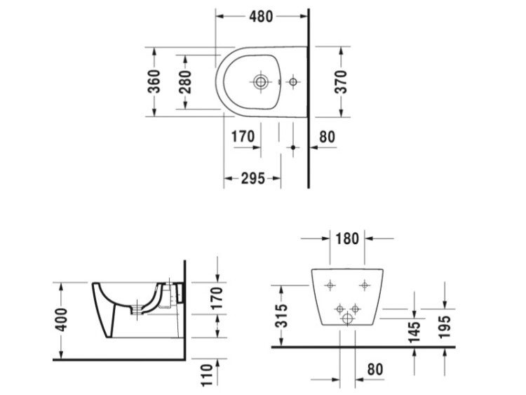 Биде, Duravit, ME by Starck, компакт, тип установки-подвесной, ширина, мм-370, глубина, мм-480, высота, мм-290, форма чаши-овальная, отверстия для смесителя-1, материал-керамика, крепления в комплекте, цвет-белый, с переливом, с плоскостью под смеситель Биде, Duravit, ME by Starck, подвесной, шгв 370*480*290, цвет-белый
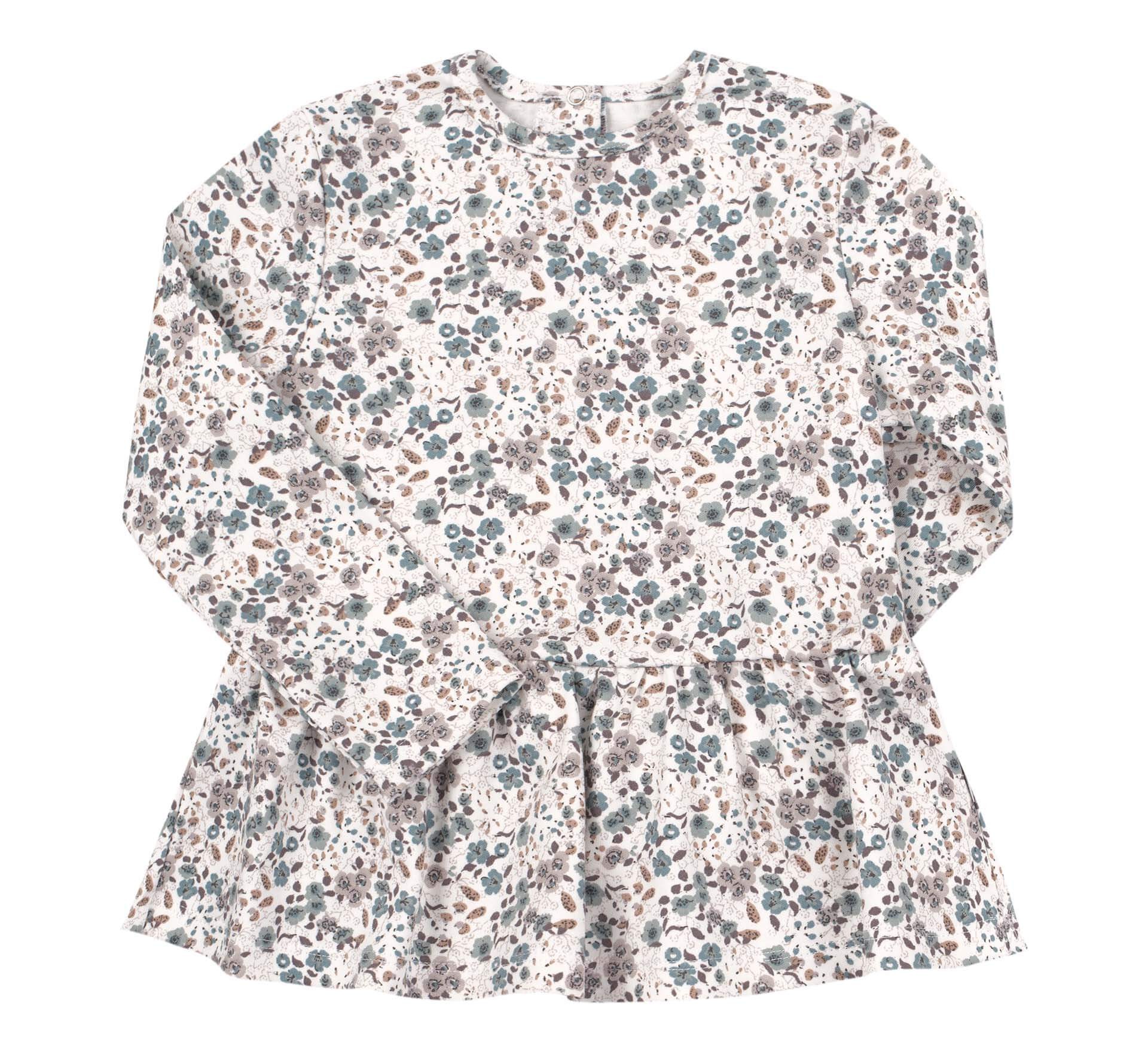 Детский джемпер в цветочек с воланом по краю. Созданный для маленьких модниц! Имеет круглую горловину, на спинке застегивается на кнопочки вверху. Рукав длинный прямой. Спереди кофта украшена принтом. Материалом для пошива выступил хлопковый трикотаж средней плотности.
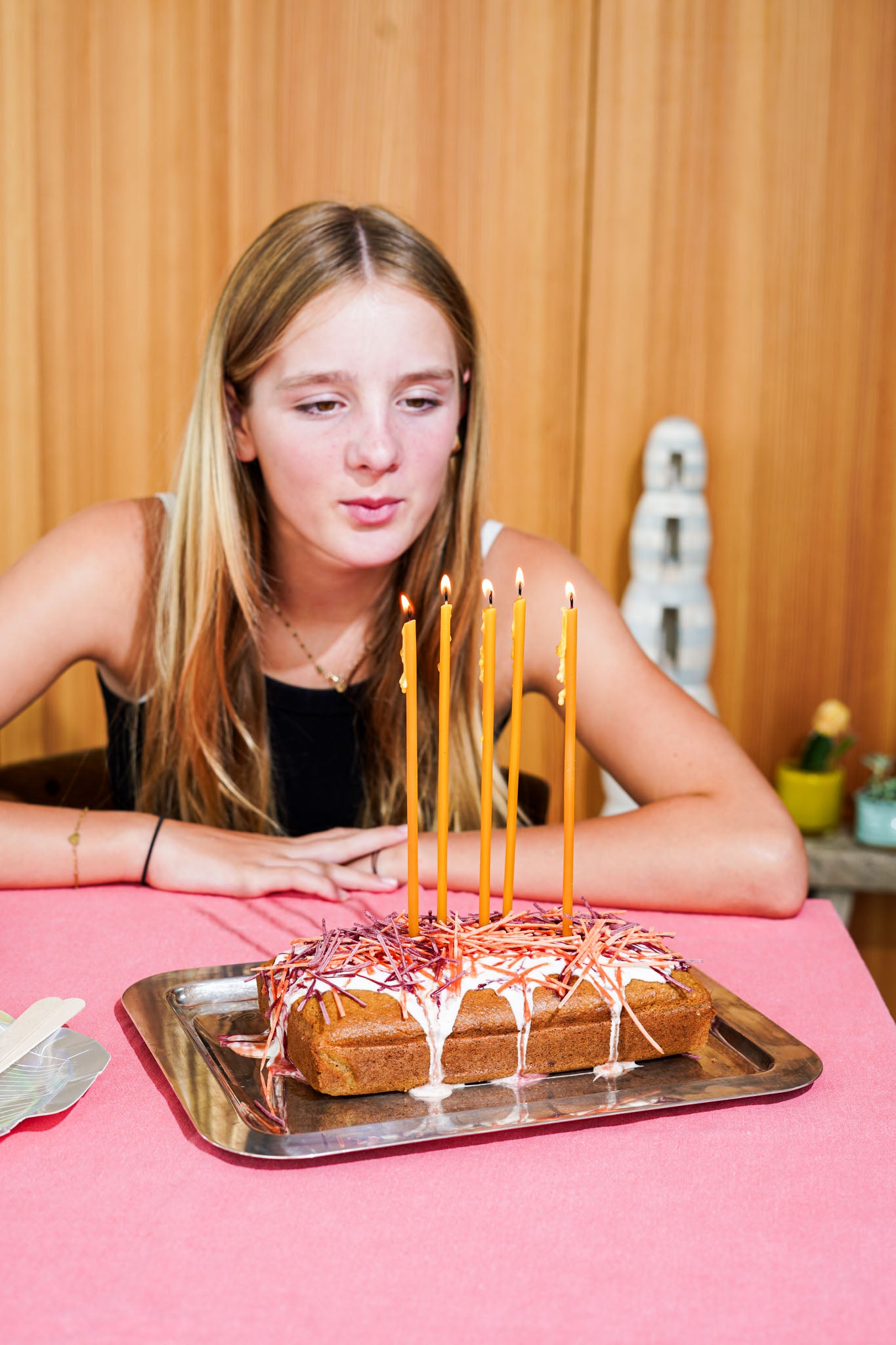 Giet het beslag in de bakvorm, strijk glad en bak 25 minuten, tot een satéprikker er schoon uitkomt. Hoe langer je hem bakt, hoe droger hij wordt.
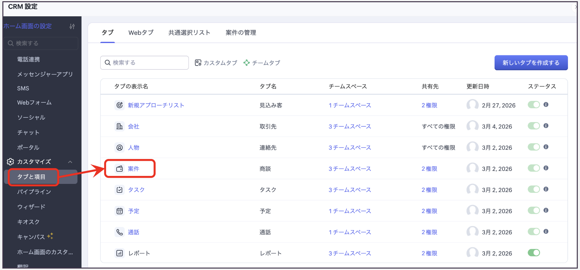 1:ホームの歯車アイコンから、カスタマイズの「タブと項目」→商談タブをクリック
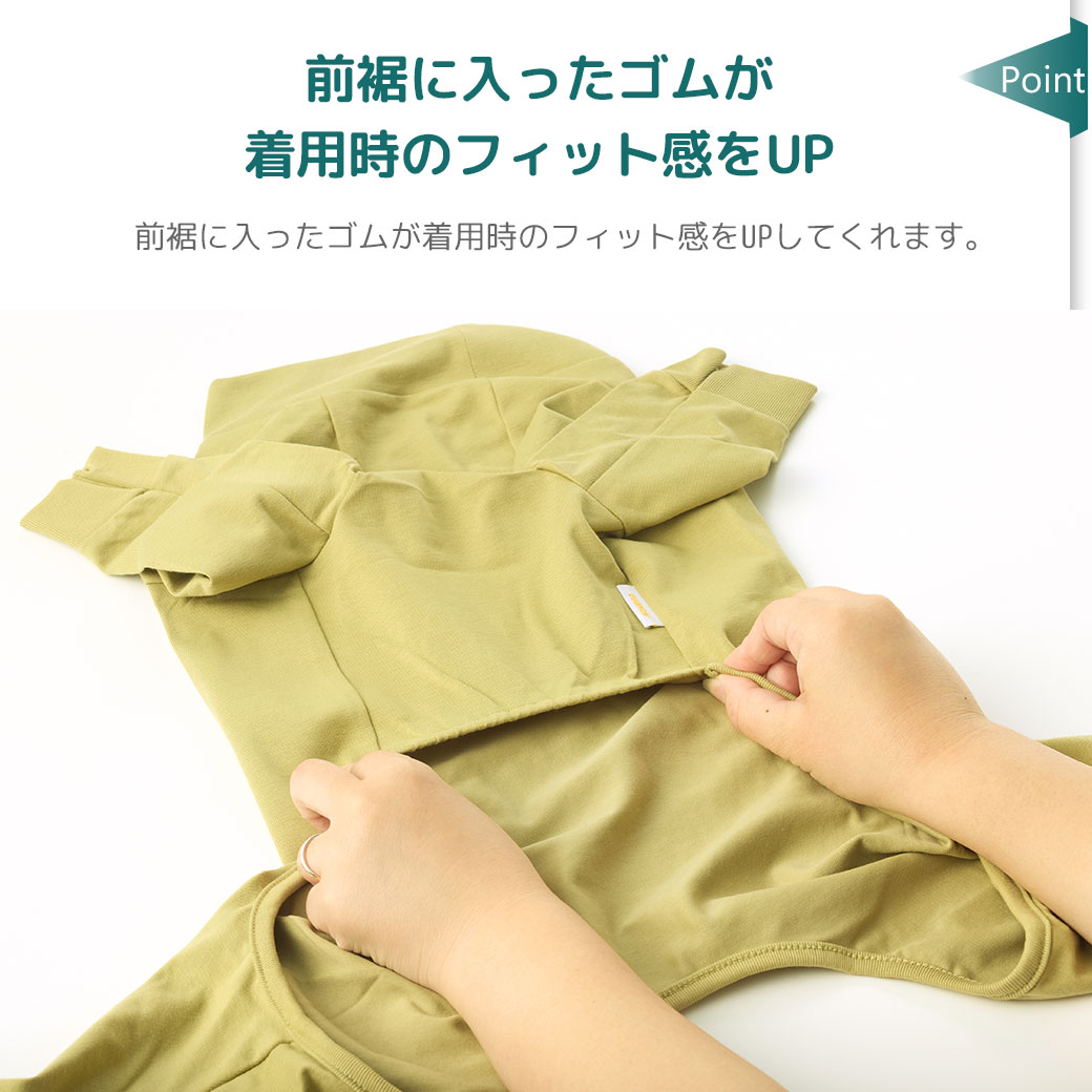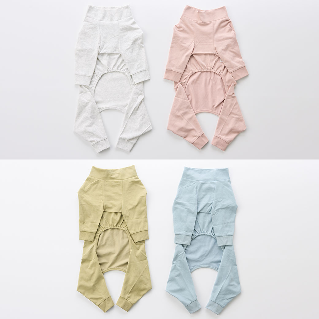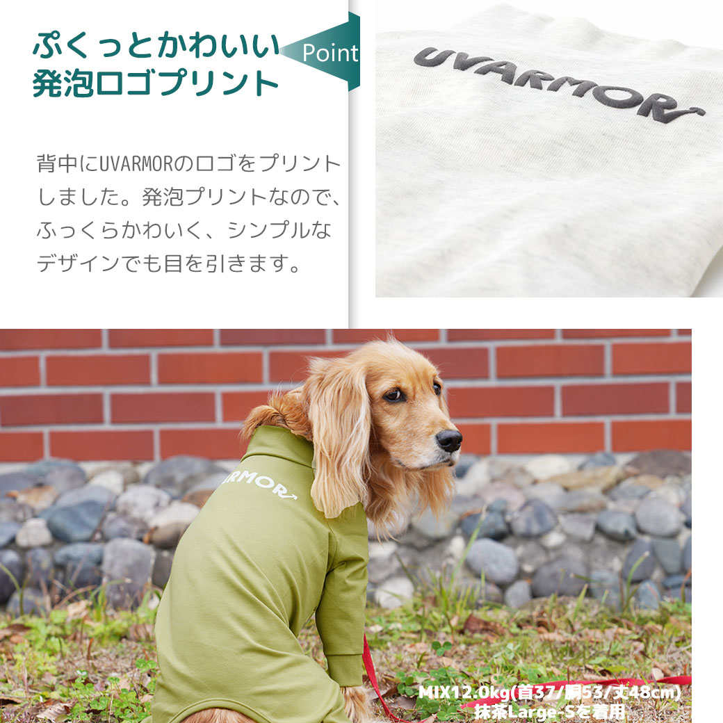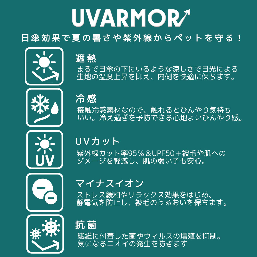 夏の暑さや紫外線から愛犬を守ってくれる、5つの機能(遮熱・UVカット・冷感・抗菌・マイナスイオン)を持った素材を使用したカバーオールです。 春夏シーズンのデイリーウェアにぴったりの1枚です。
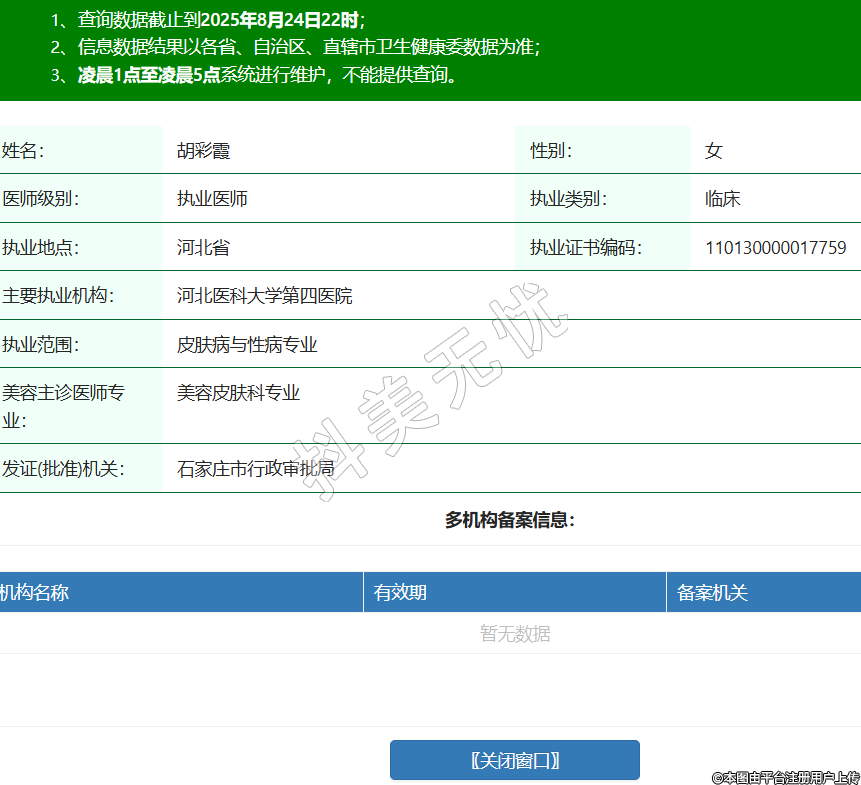 姓名:胡彩霞性別:女醫(yī)師級別:執(zhí)業(yè)醫(yī)師執(zhí)業(yè)類別:臨床執(zhí)業(yè)地點:河北省執(zhí)業(yè)證書編碼:110130000017759主要執(zhí)業(yè)機構(gòu):河北醫(yī)科大學(xué)第四醫(yī)院執(zhí)業(yè)范圍:皮膚病與性病專業(yè)美容主診醫(yī)師專業(yè):美容皮膚科專業(yè)發(fā)證(批準(zhǔn))機關(guān):石家莊市行政審批局

··········

- Task instructions: From the line holding "Giet het beslag" down to the final line of the entries above, print every line exactly. Pictures do not go in.

- Final answer:
 Giet het beslag in de bakvorm, strijk glad en bak 25 minuten, tot een satéprikker er schoon uitkomt. Hoe langer je hem bakt, hoe droger hij wordt.
 1:ホームの歯車アイコンから、カスタマイズの「タブと項目」→商談タブをクリック
 夏の暑さや紫外線から愛犬を守ってくれる、5つの機能(遮熱・UVカット・冷感・抗菌・マイナスイオン)を持った素材を使用したカバーオールです。 春夏シーズンのデイリーウェアにぴったりの1枚です。
 姓名:胡彩霞性別:女醫(yī)師級別:執(zhí)業(yè)醫(yī)師執(zhí)業(yè)類別:臨床執(zhí)業(yè)地點:河北省執(zhí)業(yè)證書編碼:110130000017759主要執(zhí)業(yè)機構(gòu):河北醫(yī)科大學(xué)第四醫(yī)院執(zhí)業(yè)范圍:皮膚病與性病專業(yè)美容主診醫(yī)師專業(yè):美容皮膚科專業(yè)發(fā)證(批準(zhǔn))機關(guān):石家莊市行政審批局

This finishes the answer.